[Dataset items]
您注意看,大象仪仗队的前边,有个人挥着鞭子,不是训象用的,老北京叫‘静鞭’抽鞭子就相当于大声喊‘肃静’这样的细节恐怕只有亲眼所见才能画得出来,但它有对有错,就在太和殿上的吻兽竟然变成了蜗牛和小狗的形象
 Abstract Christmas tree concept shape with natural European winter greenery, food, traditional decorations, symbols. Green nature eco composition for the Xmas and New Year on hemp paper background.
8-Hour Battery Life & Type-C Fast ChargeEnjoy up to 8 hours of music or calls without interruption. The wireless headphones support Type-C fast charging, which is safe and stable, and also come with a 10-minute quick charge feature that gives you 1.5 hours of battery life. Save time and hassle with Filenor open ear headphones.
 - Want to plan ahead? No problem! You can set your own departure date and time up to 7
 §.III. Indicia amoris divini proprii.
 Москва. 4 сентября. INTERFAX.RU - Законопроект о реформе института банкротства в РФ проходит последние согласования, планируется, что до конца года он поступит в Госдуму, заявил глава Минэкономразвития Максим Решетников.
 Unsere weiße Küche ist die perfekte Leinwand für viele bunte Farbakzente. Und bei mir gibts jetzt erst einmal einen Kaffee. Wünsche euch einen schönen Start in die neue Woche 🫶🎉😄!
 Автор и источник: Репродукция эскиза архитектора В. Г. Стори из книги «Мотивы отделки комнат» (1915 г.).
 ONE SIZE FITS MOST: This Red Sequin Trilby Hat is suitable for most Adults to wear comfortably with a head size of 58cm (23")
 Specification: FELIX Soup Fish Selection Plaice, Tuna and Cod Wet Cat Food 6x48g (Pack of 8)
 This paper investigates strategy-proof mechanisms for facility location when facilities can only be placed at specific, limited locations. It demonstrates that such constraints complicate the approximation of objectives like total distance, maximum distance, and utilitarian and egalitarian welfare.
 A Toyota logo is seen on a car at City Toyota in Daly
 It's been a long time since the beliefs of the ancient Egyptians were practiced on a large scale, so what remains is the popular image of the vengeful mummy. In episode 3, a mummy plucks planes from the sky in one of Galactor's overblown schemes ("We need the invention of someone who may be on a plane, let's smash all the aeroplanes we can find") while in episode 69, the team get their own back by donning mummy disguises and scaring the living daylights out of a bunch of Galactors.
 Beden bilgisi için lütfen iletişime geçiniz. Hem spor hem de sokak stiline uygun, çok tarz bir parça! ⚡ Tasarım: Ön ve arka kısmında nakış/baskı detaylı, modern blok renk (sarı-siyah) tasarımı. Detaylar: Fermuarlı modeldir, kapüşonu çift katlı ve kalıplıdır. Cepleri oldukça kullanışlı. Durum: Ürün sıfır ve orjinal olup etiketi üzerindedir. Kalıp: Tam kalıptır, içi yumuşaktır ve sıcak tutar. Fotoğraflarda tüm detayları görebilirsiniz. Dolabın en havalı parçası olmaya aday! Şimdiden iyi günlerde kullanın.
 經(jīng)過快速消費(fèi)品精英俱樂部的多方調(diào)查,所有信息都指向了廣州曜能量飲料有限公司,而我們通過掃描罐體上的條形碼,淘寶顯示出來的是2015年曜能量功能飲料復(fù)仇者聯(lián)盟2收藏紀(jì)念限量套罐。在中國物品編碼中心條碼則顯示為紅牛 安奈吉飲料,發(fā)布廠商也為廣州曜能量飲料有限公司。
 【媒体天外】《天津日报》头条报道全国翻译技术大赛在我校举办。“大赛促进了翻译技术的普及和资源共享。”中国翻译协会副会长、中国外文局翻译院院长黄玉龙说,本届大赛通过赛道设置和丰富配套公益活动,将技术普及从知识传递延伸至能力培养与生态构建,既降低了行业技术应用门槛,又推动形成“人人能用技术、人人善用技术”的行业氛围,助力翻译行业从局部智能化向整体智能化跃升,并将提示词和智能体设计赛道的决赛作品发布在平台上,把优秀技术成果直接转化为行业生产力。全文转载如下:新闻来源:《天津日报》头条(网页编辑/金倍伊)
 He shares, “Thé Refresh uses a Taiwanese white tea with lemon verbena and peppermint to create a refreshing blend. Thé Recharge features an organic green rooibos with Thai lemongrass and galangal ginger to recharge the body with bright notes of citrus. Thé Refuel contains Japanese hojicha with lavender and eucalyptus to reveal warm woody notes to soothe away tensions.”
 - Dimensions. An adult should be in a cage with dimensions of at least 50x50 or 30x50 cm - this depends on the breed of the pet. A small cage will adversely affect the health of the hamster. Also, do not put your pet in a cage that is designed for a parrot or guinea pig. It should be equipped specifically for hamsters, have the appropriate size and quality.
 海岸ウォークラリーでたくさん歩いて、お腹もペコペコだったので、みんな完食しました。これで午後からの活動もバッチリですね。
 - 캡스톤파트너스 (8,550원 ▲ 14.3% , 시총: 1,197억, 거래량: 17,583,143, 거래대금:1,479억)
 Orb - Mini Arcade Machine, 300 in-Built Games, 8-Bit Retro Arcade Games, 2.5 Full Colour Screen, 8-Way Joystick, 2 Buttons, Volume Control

▸ **WHAT TO WORK ON**: Output all of the records exactly, with nothing omitted.

▸ **OUTPUT OF THE EXERCISE**:
您注意看,大象仪仗队的前边,有个人挥着鞭子,不是训象用的,老北京叫‘静鞭’抽鞭子就相当于大声喊‘肃静’这样的细节恐怕只有亲眼所见才能画得出来,但它有对有错,就在太和殿上的吻兽竟然变成了蜗牛和小狗的形象
 Abstract Christmas tree concept shape with natural European winter greenery, food, traditional decorations, symbols. Green nature eco composition for the Xmas and New Year on hemp paper background.
8-Hour Battery Life & Type-C Fast ChargeEnjoy up to 8 hours of music or calls without interruption. The wireless headphones support Type-C fast charging, which is safe and stable, and also come with a 10-minute quick charge feature that gives you 1.5 hours of battery life. Save time and hassle with Filenor open ear headphones.
 - Want to plan ahead? No problem! You can set your own departure date and time up to 7
 §.III. Indicia amoris divini proprii.
 Москва. 4 сентября. INTERFAX.RU - Законопроект о реформе института банкротства в РФ проходит последние согласования, планируется, что до конца года он поступит в Госдуму, заявил глава Минэкономразвития Максим Решетников.
 Unsere weiße Küche ist die perfekte Leinwand für viele bunte Farbakzente. Und bei mir gibts jetzt erst einmal einen Kaffee. Wünsche euch einen schönen Start in die neue Woche 🫶🎉😄!
 Автор и источник: Репродукция эскиза архитектора В. Г. Стори из книги «Мотивы отделки комнат» (1915 г.).
 ONE SIZE FITS MOST: This Red Sequin Trilby Hat is suitable for most Adults to wear comfortably with a head size of 58cm (23")
 Specification: FELIX Soup Fish Selection Plaice, Tuna and Cod Wet Cat Food 6x48g (Pack of 8)
 This paper investigates strategy-proof mechanisms for facility location when facilities can only be placed at specific, limited locations. It demonstrates that such constraints complicate the approximation of objectives like total distance, maximum distance, and utilitarian and egalitarian welfare.
 A Toyota logo is seen on a car at City Toyota in Daly
 It's been a long time since the beliefs of the ancient Egyptians were practiced on a large scale, so what remains is the popular image of the vengeful mummy. In episode 3, a mummy plucks planes from the sky in one of Galactor's overblown schemes ("We need the invention of someone who may be on a plane, let's smash all the aeroplanes we can find") while in episode 69, the team get their own back by donning mummy disguises and scaring the living daylights out of a bunch of Galactors.
 Beden bilgisi için lütfen iletişime geçiniz. Hem spor hem de sokak stiline uygun, çok tarz bir parça! ⚡ Tasarım: Ön ve arka kısmında nakış/baskı detaylı, modern blok renk (sarı-siyah) tasarımı. Detaylar: Fermuarlı modeldir, kapüşonu çift katlı ve kalıplıdır. Cepleri oldukça kullanışlı. Durum: Ürün sıfır ve orjinal olup etiketi üzerindedir. Kalıp: Tam kalıptır, içi yumuşaktır ve sıcak tutar. Fotoğraflarda tüm detayları görebilirsiniz. Dolabın en havalı parçası olmaya aday! Şimdiden iyi günlerde kullanın.
 經(jīng)過快速消費(fèi)品精英俱樂部的多方調(diào)查,所有信息都指向了廣州曜能量飲料有限公司,而我們通過掃描罐體上的條形碼,淘寶顯示出來的是2015年曜能量功能飲料復(fù)仇者聯(lián)盟2收藏紀(jì)念限量套罐。在中國物品編碼中心條碼則顯示為紅牛 安奈吉飲料,發(fā)布廠商也為廣州曜能量飲料有限公司。
 【媒体天外】《天津日报》头条报道全国翻译技术大赛在我校举办。“大赛促进了翻译技术的普及和资源共享。”中国翻译协会副会长、中国外文局翻译院院长黄玉龙说,本届大赛通过赛道设置和丰富配套公益活动,将技术普及从知识传递延伸至能力培养与生态构建,既降低了行业技术应用门槛,又推动形成“人人能用技术、人人善用技术”的行业氛围,助力翻译行业从局部智能化向整体智能化跃升,并将提示词和智能体设计赛道的决赛作品发布在平台上,把优秀技术成果直接转化为行业生产力。全文转载如下:新闻来源:《天津日报》头条(网页编辑/金倍伊)
 He shares, “Thé Refresh uses a Taiwanese white tea with lemon verbena and peppermint to create a refreshing blend. Thé Recharge features an organic green rooibos with Thai lemongrass and galangal ginger to recharge the body with bright notes of citrus. Thé Refuel contains Japanese hojicha with lavender and eucalyptus to reveal warm woody notes to soothe away tensions.”
 - Dimensions. An adult should be in a cage with dimensions of at least 50x50 or 30x50 cm - this depends on the breed of the pet. A small cage will adversely affect the health of the hamster. Also, do not put your pet in a cage that is designed for a parrot or guinea pig. It should be equipped specifically for hamsters, have the appropriate size and quality.
 海岸ウォークラリーでたくさん歩いて、お腹もペコペコだったので、みんな完食しました。これで午後からの活動もバッチリですね。
 - 캡스톤파트너스 (8,550원 ▲ 14.3% , 시총: 1,197억, 거래량: 17,583,143, 거래대금:1,479억)
 Orb - Mini Arcade Machine, 300 in-Built Games, 8-Bit Retro Arcade Games, 2.5 Full Colour Screen, 8-Way Joystick, 2 Buttons, Volume Control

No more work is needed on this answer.